:: DATA PROVIDED
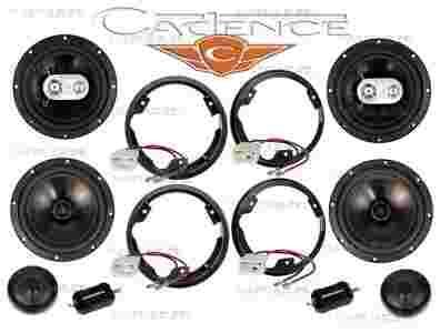 Profesjonalny system głośników do kompleksowego nagłośnienia samochodu. Elementy systemu dobrane mocowo i brzmieniowo. Zestaw dedykowany do współpracy pod samym radiem oferuje bardzo dobrą dynamikę, dużo basu i sopranu. Podstawą systemu są doskonałe amerykańskie głośniki Cadence. W komplecie wszystkie pokazane ne zdjęciu akcesoria, dystanse i redukcje i drzwi. Dzięki dołączonym akcesoriom bardzo prosty montaż z którym poradzi sobie każdy kierowca (wizyta w warsztacie kosztuje).
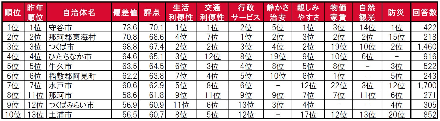 「いい部屋ネット 街の住みここちランキング2023<茨城県版>」 主なポイント
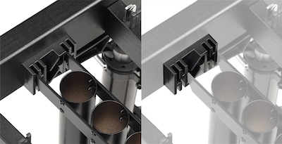 The component receiving the pipe is built to stop the resonator pipe from dropping, even if the pipe itself moves due to vibration during transportation.
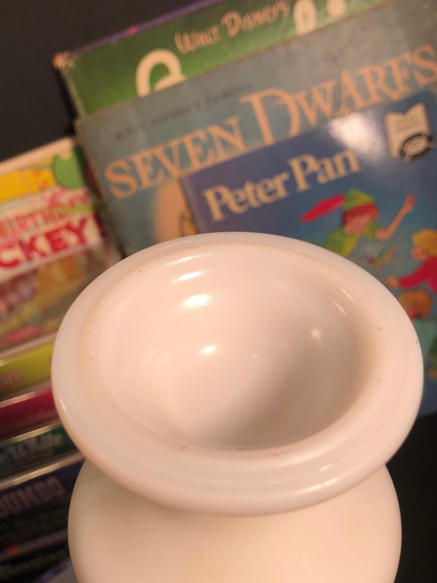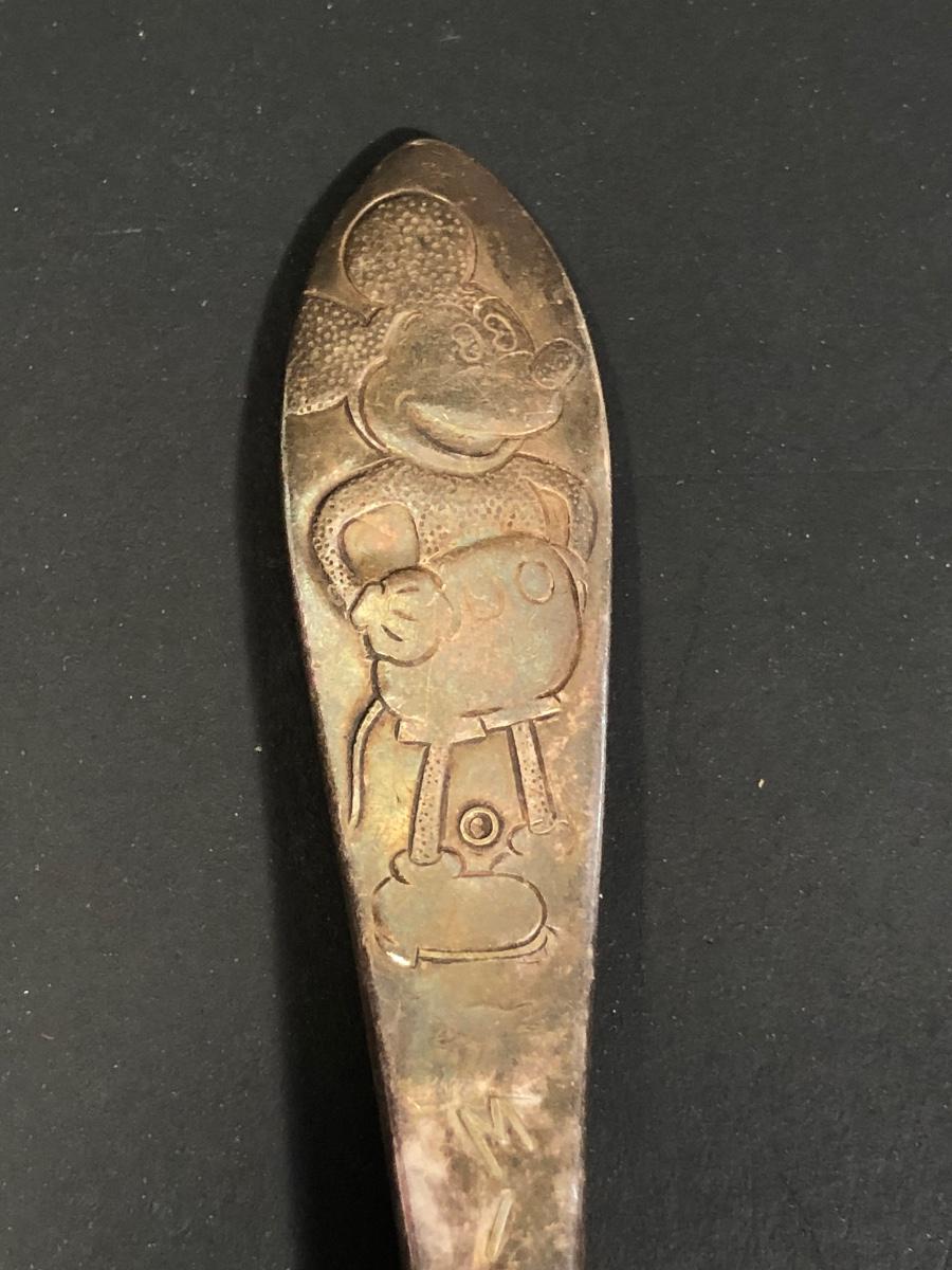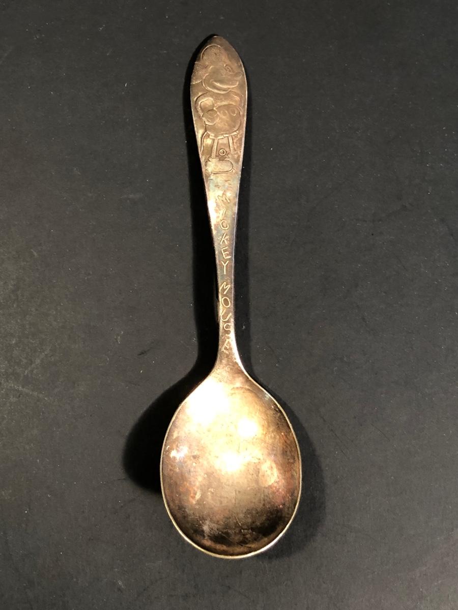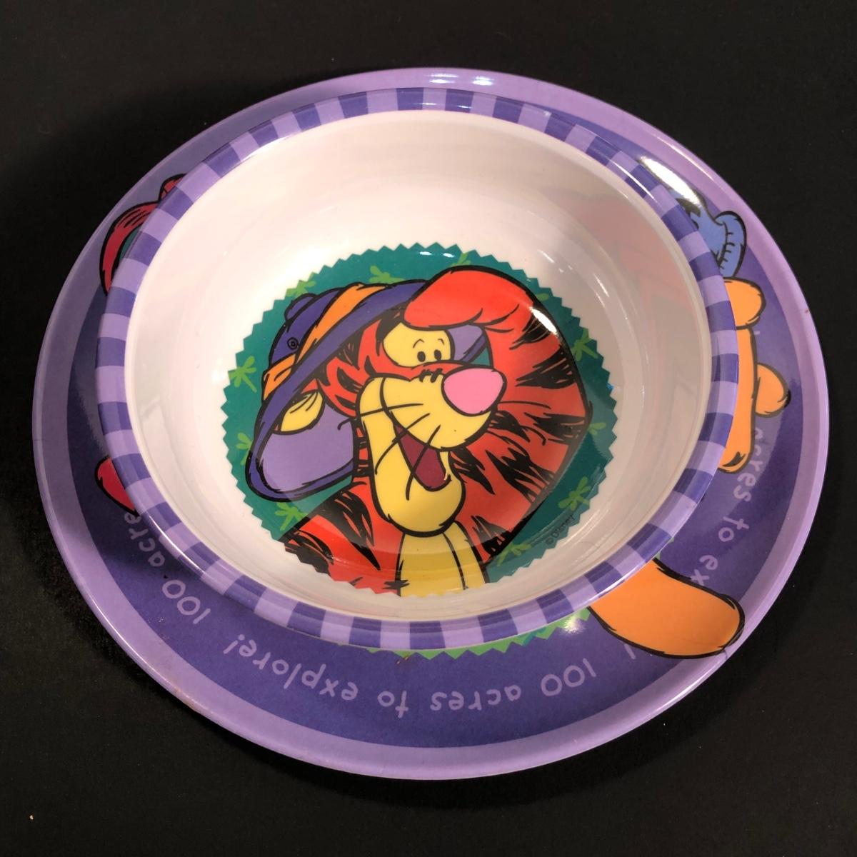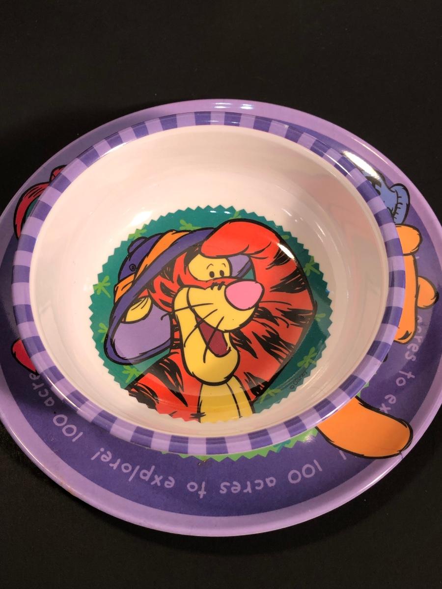 LOT 152B: Vintage Disney - Wm Rogers Mickey Mouse Spoon, Books, VHS, Winnie the Pooh Bowl, Tigger Plate, Birthday Placemat, Vinyl Figures & Milk Glass WDW "Helen" Mug
::::
## TASK INSTRUCTIONS
Dropping every picture, restate the material word for word.

## EXERCISE ANSWER
 Profesjonalny system głośników do kompleksowego nagłośnienia samochodu. Elementy systemu dobrane mocowo i brzmieniowo. Zestaw dedykowany do współpracy pod samym radiem oferuje bardzo dobrą dynamikę, dużo basu i sopranu. Podstawą systemu są doskonałe amerykańskie głośniki Cadence. W komplecie wszystkie pokazane ne zdjęciu akcesoria, dystanse i redukcje i drzwi. Dzięki dołączonym akcesoriom bardzo prosty montaż z którym poradzi sobie każdy kierowca (wizyta w warsztacie kosztuje).
 「いい部屋ネット 街の住みここちランキング2023<茨城県版>」 主なポイント
 The component receiving the pipe is built to stop the resonator pipe from dropping, even if the pipe itself moves due to vibration during transportation.
 LOT 152B: Vintage Disney - Wm Rogers Mickey Mouse Spoon, Books, VHS, Winnie the Pooh Bowl, Tigger Plate, Birthday Placemat, Vinyl Figures & Milk Glass WDW "Helen" Mug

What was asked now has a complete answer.